All kinds of organizations are finding new ways to leverage the data at the heart of their businesses. Predictive models can unlock massive productivity gains and revenue opportunities, just keep in mind that AI’s recommendations are only as good as the data that inform the models. To extract maximum results from AI, data science teams require vast amounts of transactions and other information to train their models.

For example, Tesla ingests data from hundreds of thousands of cars in the real world. All of these signals continuously feed into the company’s AI and machine learning models, which then analyze each situation a human driver encounters on the road to train autonomous driving algorithms. Perhaps your business doesn’t need quite as big of a sample set as Tesla, but you’ll still require a meaningful amount of historical data for training. It is highly likely that months down the road, you’ll want other pieces of data to answer questions you aren't even thinking about today. 

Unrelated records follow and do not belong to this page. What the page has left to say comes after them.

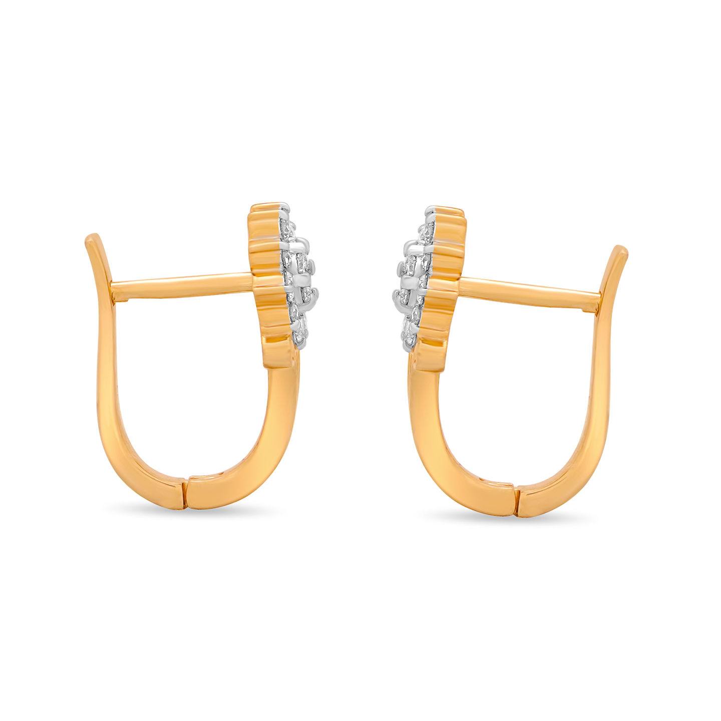 Adorn yourself daily with our Rose Design Diamond Earrings in 14K Yellow Gold. This exquisite pair, inspired by a delicate rose motif, adds a touch of elegance and sparkle to your everyday style
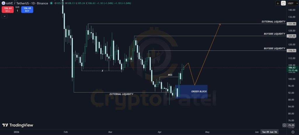 Analisamos o gráfico da AAVE apresentado por Patel, e a estrutura é didática. O preço da AAVE está negociando próximo a US$ 106,65. O gráfico mostra uma mudança clara na estrutura de mercado confirmada, marcada como MSS no gráfico. Isso significa que a tendência de baixa terminou e uma nova tendência de alta começou.
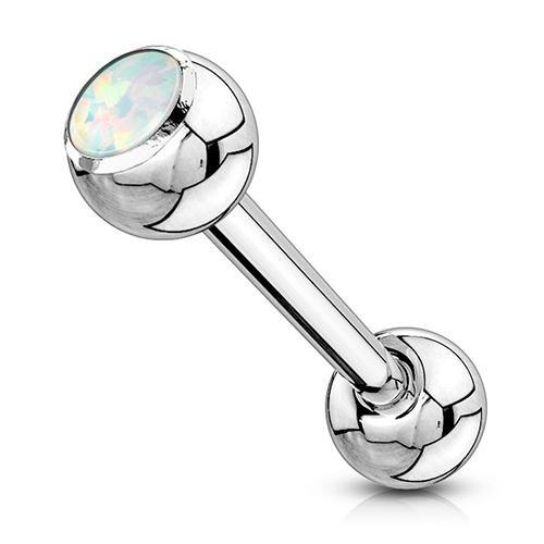Opal Stainless Tongue Barbell Tongue Barbells 14g - 5/8" long (16mm) White Opal
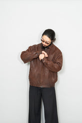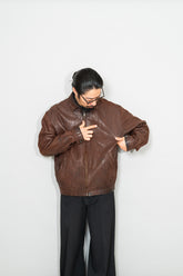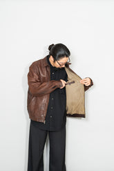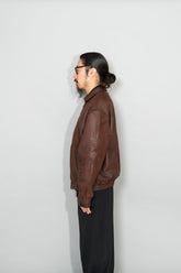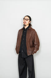 特にこのモデルは、当時から男の理想像を体現するアイテムとして語り継がれており、オーセンティックな佇まいと無骨な色気が共存した稀有な存在です。袖を通した瞬間に伝わる重量感としなやかさ、肩にのるフィット感はラムレザーならでは。着込むほど身体に馴染み、自分だけのシワが刻まれていく、その経年変化こそが最大の魅力です。
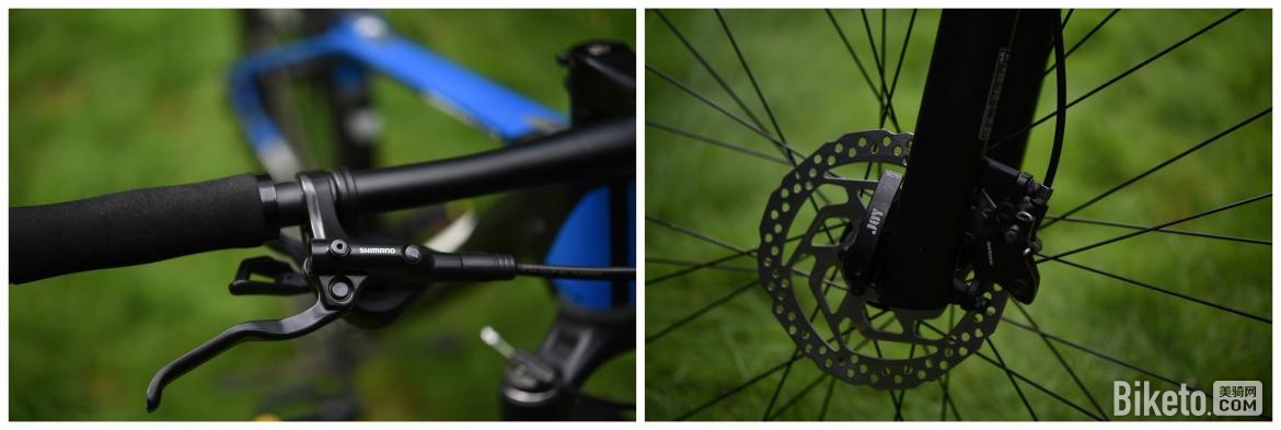 刹车为同类车型的标配,Shimano MT200,坚固耐用,也有不错的性价比。
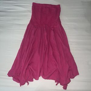 By Anthropologie Strapless Smocked Cover-Up Dress Pink Rose Large Fairy Hem
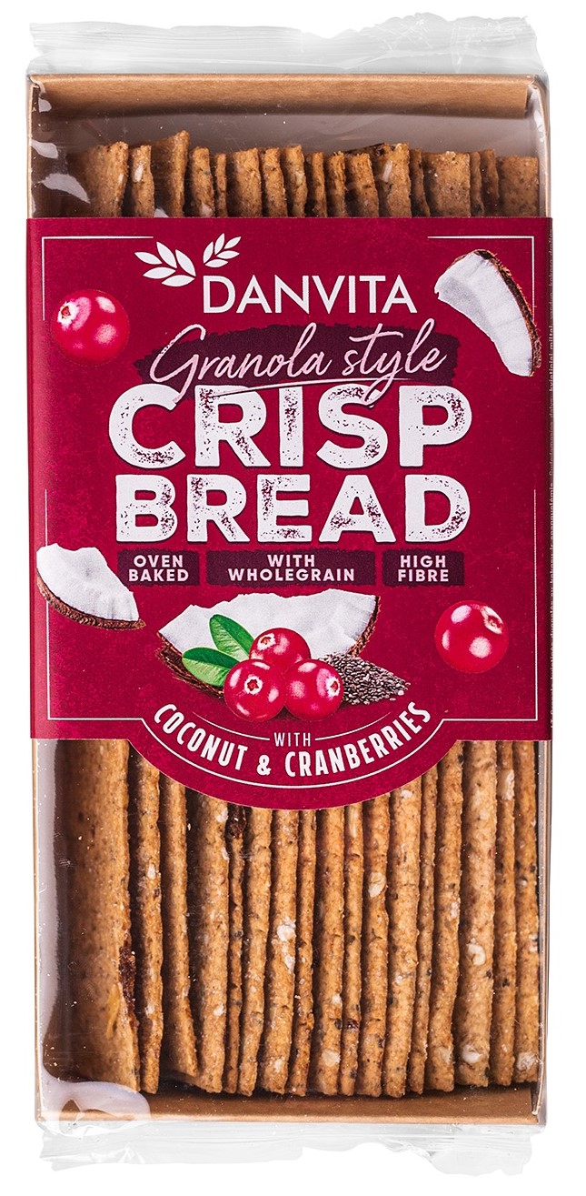 DAN027Křehké pšeničné granola plátky s kokosem, brusinkami a chia…
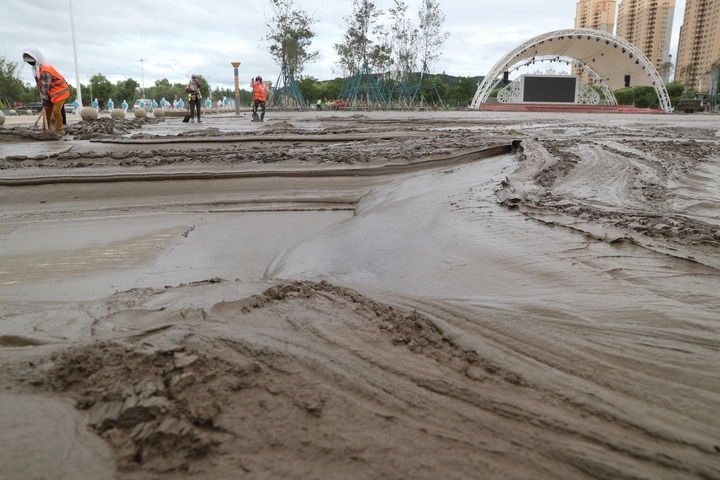 鏟車鏟起路上的大塊淤泥倒入翻斗車,工人們有的手拿鐵鍬清理人行道,有的用水槍沖刷路面……9日下午,在尚志市東浦新區(qū)一座公園附近的道路上,洪水退去后的清淤工作正在進(jìn)行。
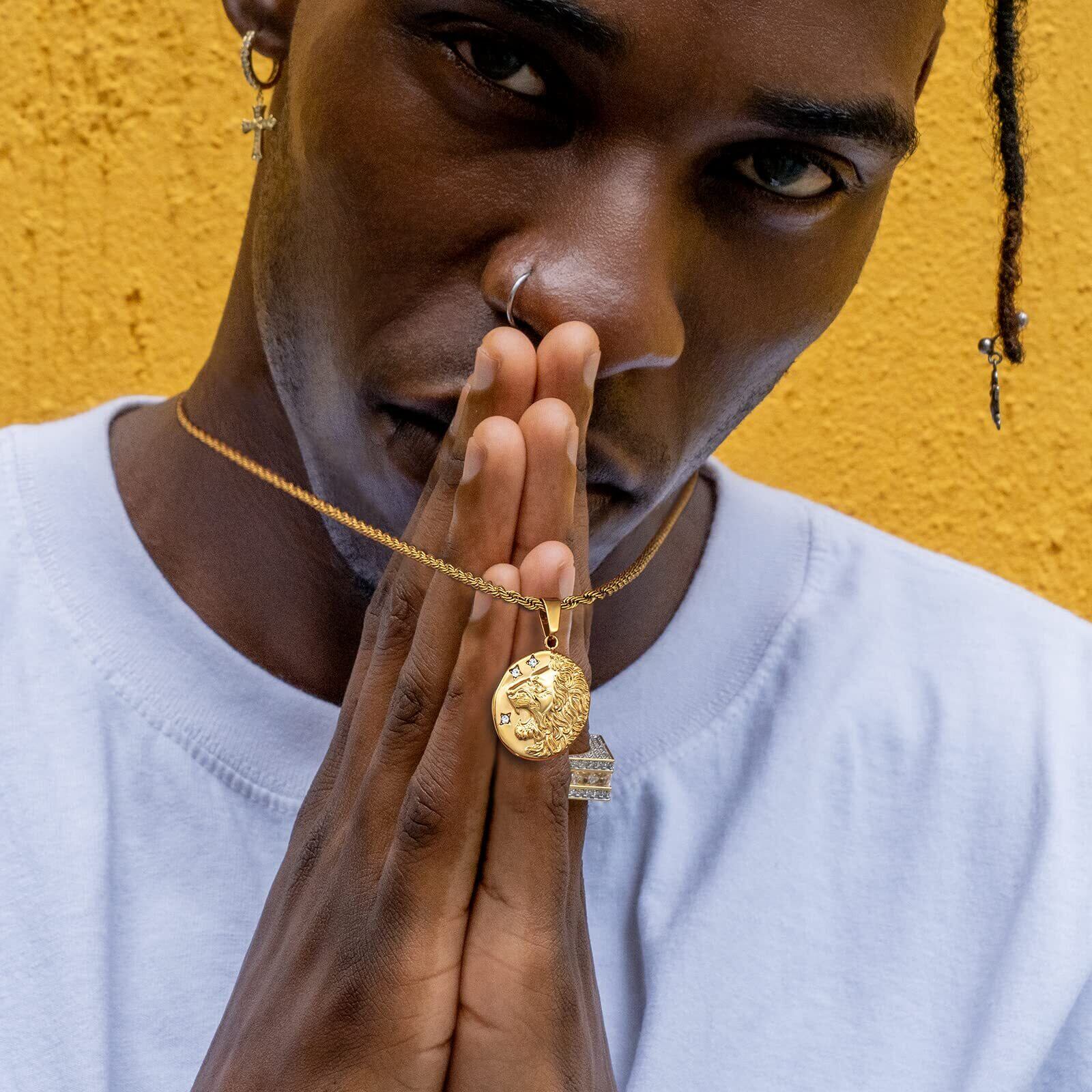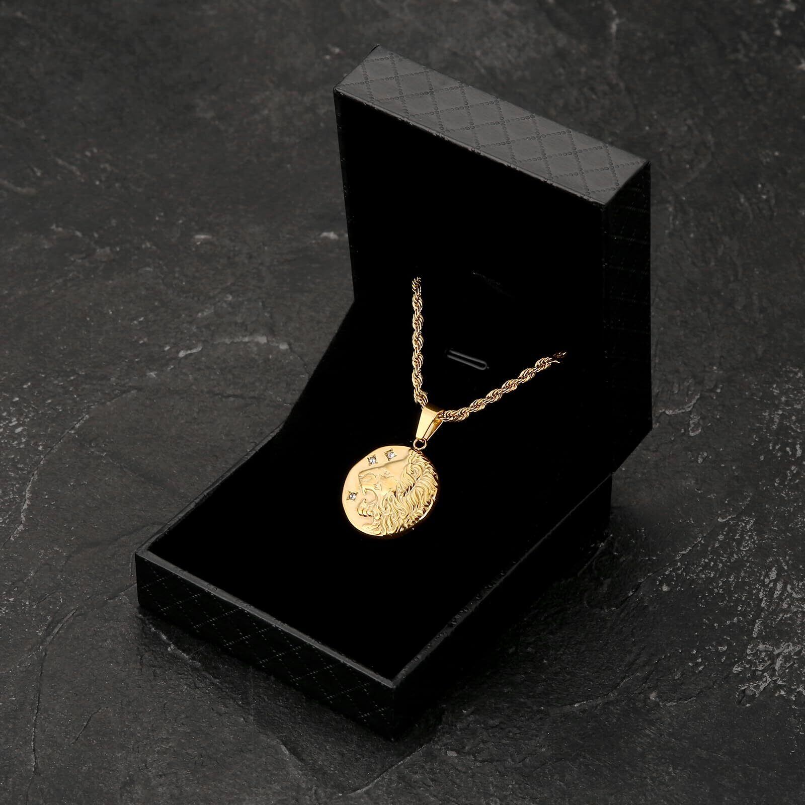 KRKC&CO コインネックレス ペンダント 幅2.5mmフレンチロープチェーン付き メダルネックレス ゴールドメッキ サージカルステンレス アレルギー対応 お守りアクセサリー メンズ 誕生日 ギフトボックス
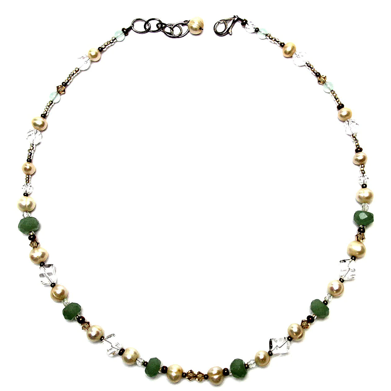 Necklace Gemstone Aventurine, Quartz, Pearls
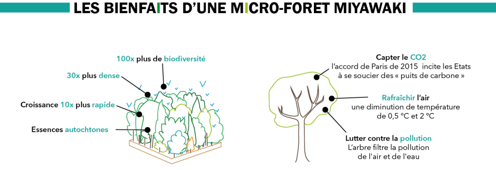La méthode Miyawaki consiste à recréer la végétation naturelle potentielle d’un site au travers d’indices contenus dans le sol. Les graines des essences autochtones identifiées sont élevées en pépinières dans des conditions d’acclimatation proches du futur environnement et plantées extrêmement densément sur site, de manière aléatoire, pour favoriser les processus de sélection et de coopération observés à l’état naturel. Après trois ans, la forêt est entièrement autonome et n’a plus besoin d’entretien.
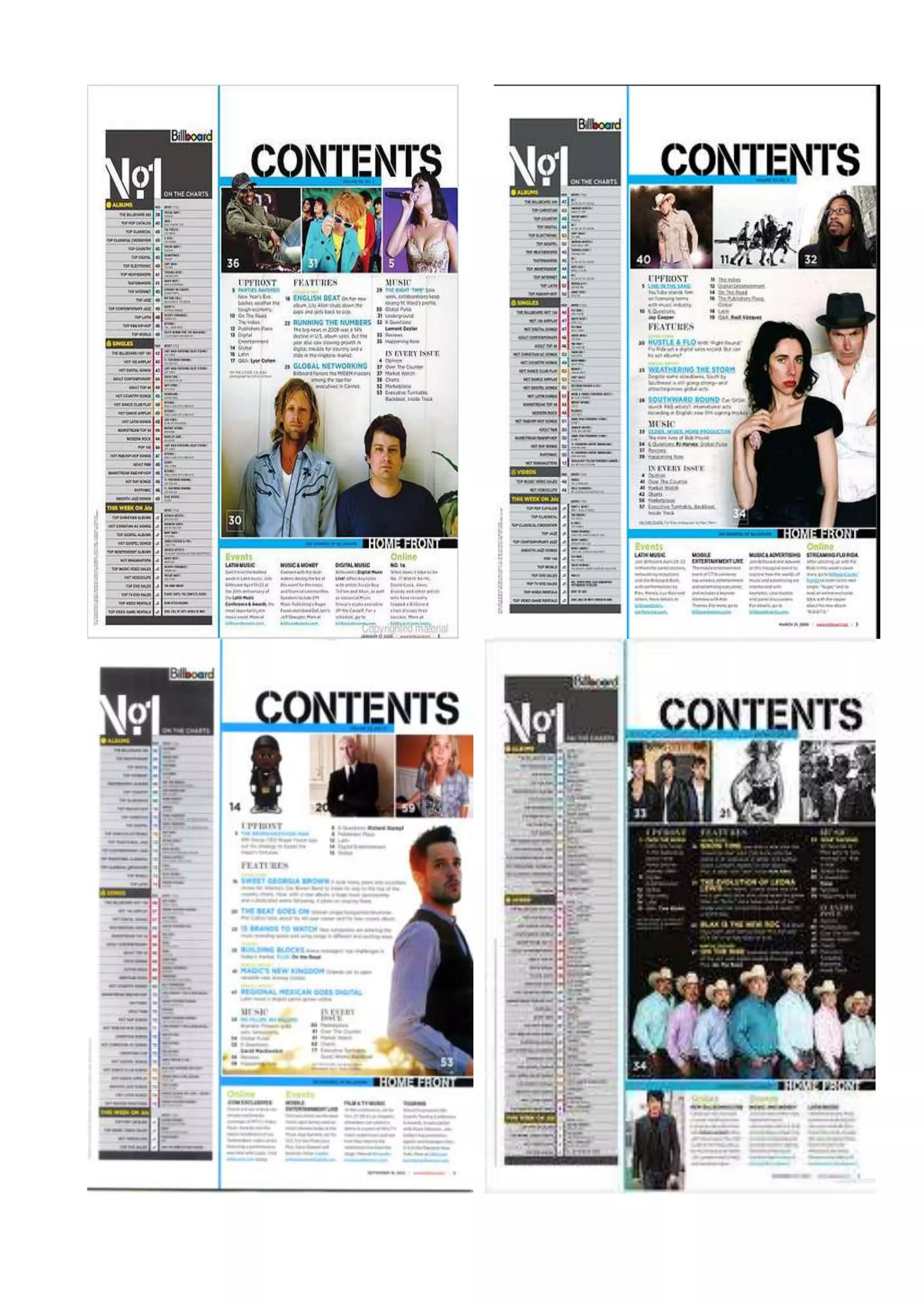 The document discusses the contents pages of a billboard music magazine. It notes that there is a strong connection between the six contents pages, as they all feature the same layout with one large image and three smaller images below the word "Contents," along with consistent font, layout, and color scheme. This consistency allows audiences to easily recognize which magazine a contents page belongs to based on its visual similarities across different issues.
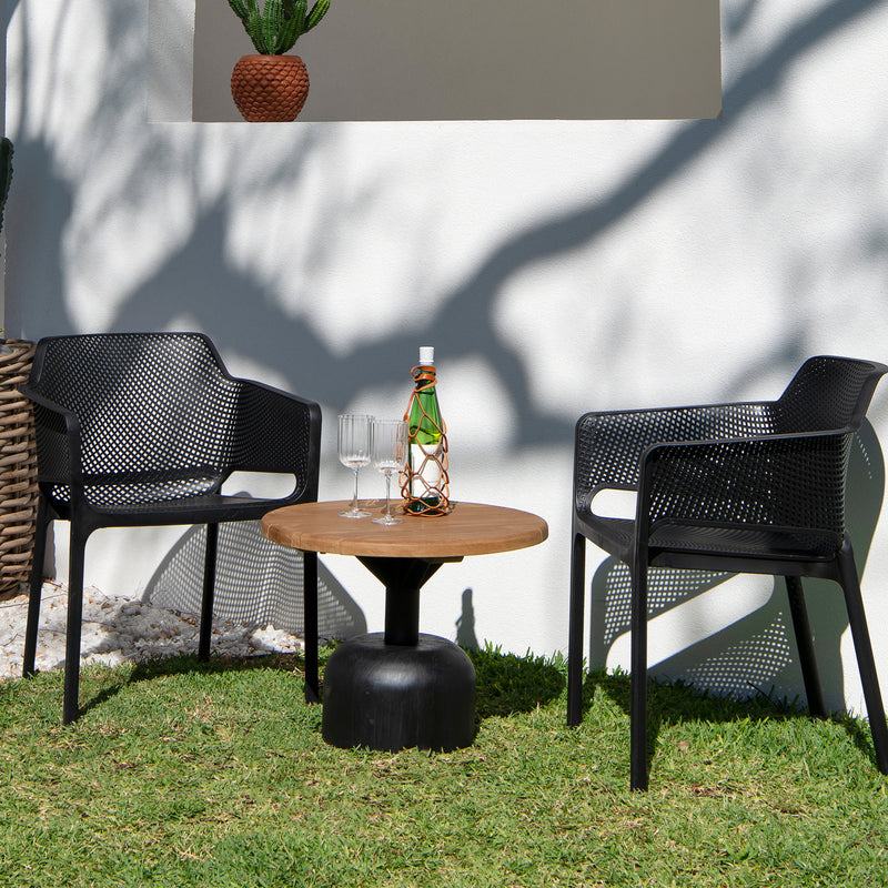 Introducing the Ginko side table range. Available in two sizes, these tables look beautiful on their own, and even more so when nested together. Crafted from a slatted teak top and black teak base, they are long-lasting and durable for outdoors.
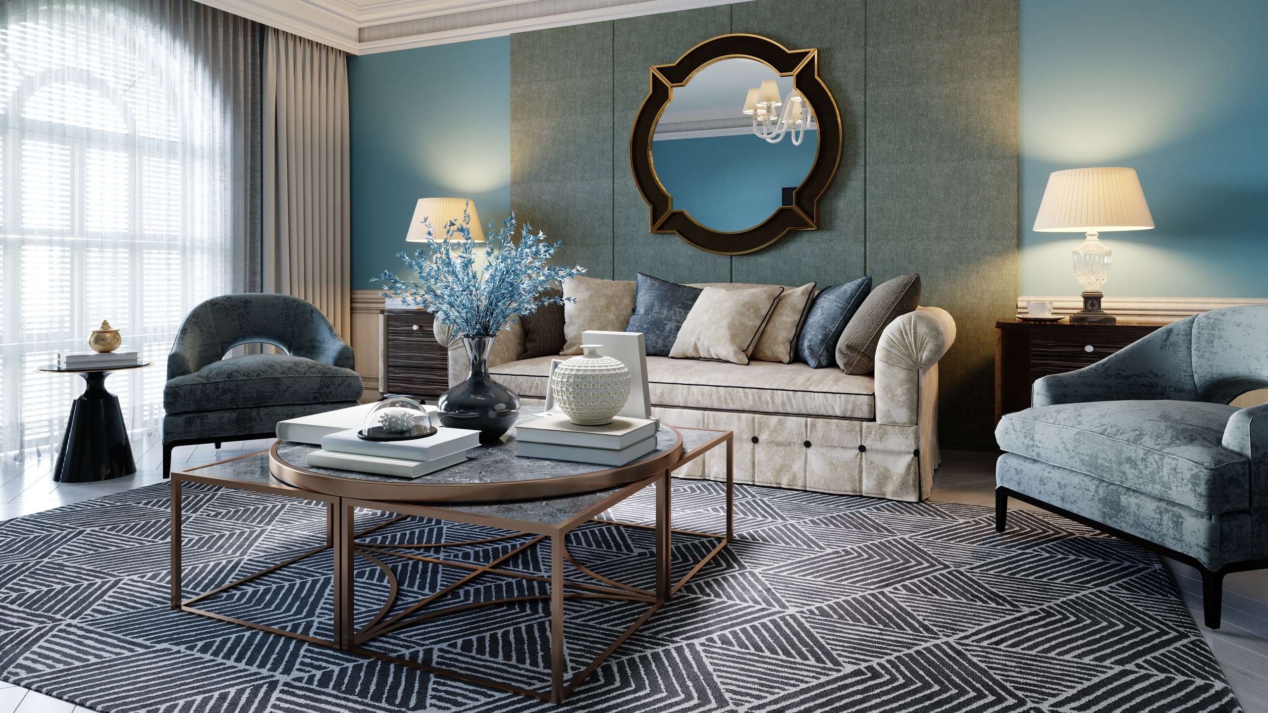 После этого добавьте разнообразие с помощью глубоких синих и зеленых оттенков, отражающих моря и хвойные леса. Темные и светлые оттенки синего, а также оливковые или бирюзовые акценты обогатят пространство, создавая ощущение свежести.
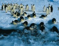 Mars et avril : C’est la fin de l’été (0°C). Les manchots empereurs viennent se reproduire en colonie en Antarctique. Un mâle mesure 1m20 et pèse 45 kg. La femelle est plus petite que le mâle.
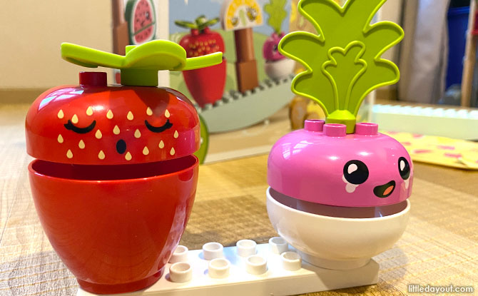40 pieces of DUPLO bricks greeted us when my 3-year-old son and I unboxed the Organic Market 10983 set. The box contained delightfully adorable food pieces including a radish, watermelon, lemon and strawberry.
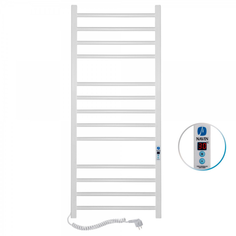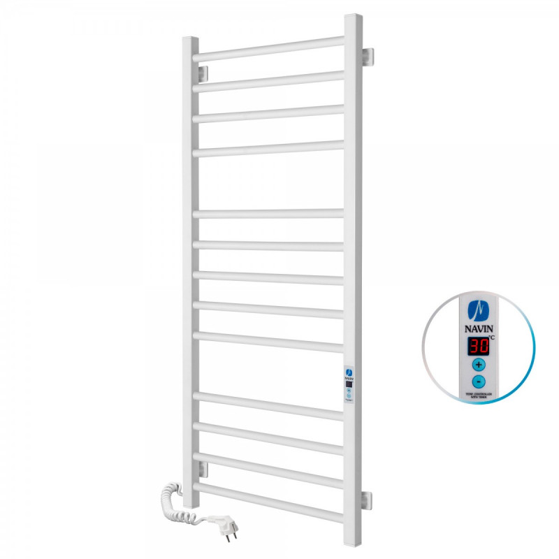 1) Электрический полотенцесушитель Navin Классик Квадро 500х1200 Digital левый окрашенная сталь белый
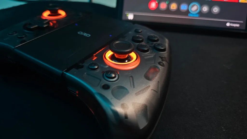El diseño del QRD Stellar T5 se ajusta perfectamente a las manos, brindando una comodidad similar a la de un Pro Controller. Además, integra luces LED RGB que puedes personalizar en 8 colores distintos para darle un estilo único a tu consola.
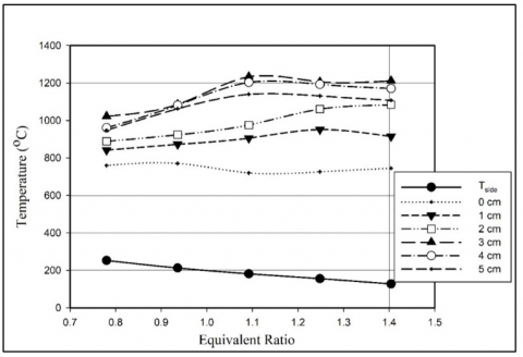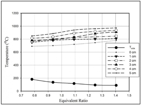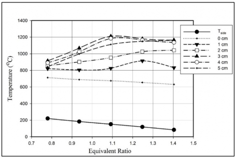 The performance of the perforated plate is dependent on the equivalent ratio. Thus, the relation between the temperatures in the outer regions of the stove and different values of equivalent ratio was conducted in this research. The influence of existing perforated layers on flame stability and uniformity is highlighted in Figure 5-7. The relation between the equivalent ratio and temperature was first studied without any perforated layer. Figure 5 shows the equivalent ratio increases as the temperature rise. In contrast, the amount of air needed for combustion depends on the type of fuel. In order to ensure optimum fuel combustion, the required amount of air should be provided. The premixing of air and fuel ensures maximum smooth combustion with low energy losses [19].

Much of the information you’ll need for analysis probably resides in a range of popular best-of-breed software-as-a-service (SaaS) apps, like Salesforce, Microsoft Dynamics, Workday, and others. But if you’re like most organizations, your IT team probably has limited resources and is too busy to prioritize snapshotting all that data on an hourly or daily basis. In this case, the full value of AI might be out of your reach for months or years while you collect enough data points to power effective predictive analytics.

Preserve Business Insights For a Competitive Advantage

When it comes to your organization’s most strategic asset (its data), look for ways to get some quick wins while rethinking the status quo. Imagine how many deeper insights you could extract if you had a perfectly preserved view of what happened to your business over the entire last decade, versus just what your data shows today. Data resilience is a critical component of overall business resilience, so all organizations should invest in backing up, archiving, and being able to recover their valuable information.

In this way, you can take advantage of the power of AI to get ahead of the competition and increase your team’s pace of innovation while proactively preventing data loss. You worked hard to capture your data, so why not harvest the wisdom hidden within? Don’t let it go to waste. Use all the information at your disposal to rapidly create more accurate predictive models that analyze the business’ past performance and anticipate the future. That’s how you go from getting disrupted to being the disruptor.

Trends like AI and machine learning are tectonic plates that have been shifting under our feet for a while. Now, the current pandemic has brought them back to the forefront of our minds, as businesses search for creative ways to build resilience (or risk obsolescence). Unrelenting disruption to operating models, customer demand, workforce needs, and more is our ‘new normal’ for at least the next several quarters, so it’s critical to use every tool in your toolbox—especially AI—in order to navigate these choppy waters.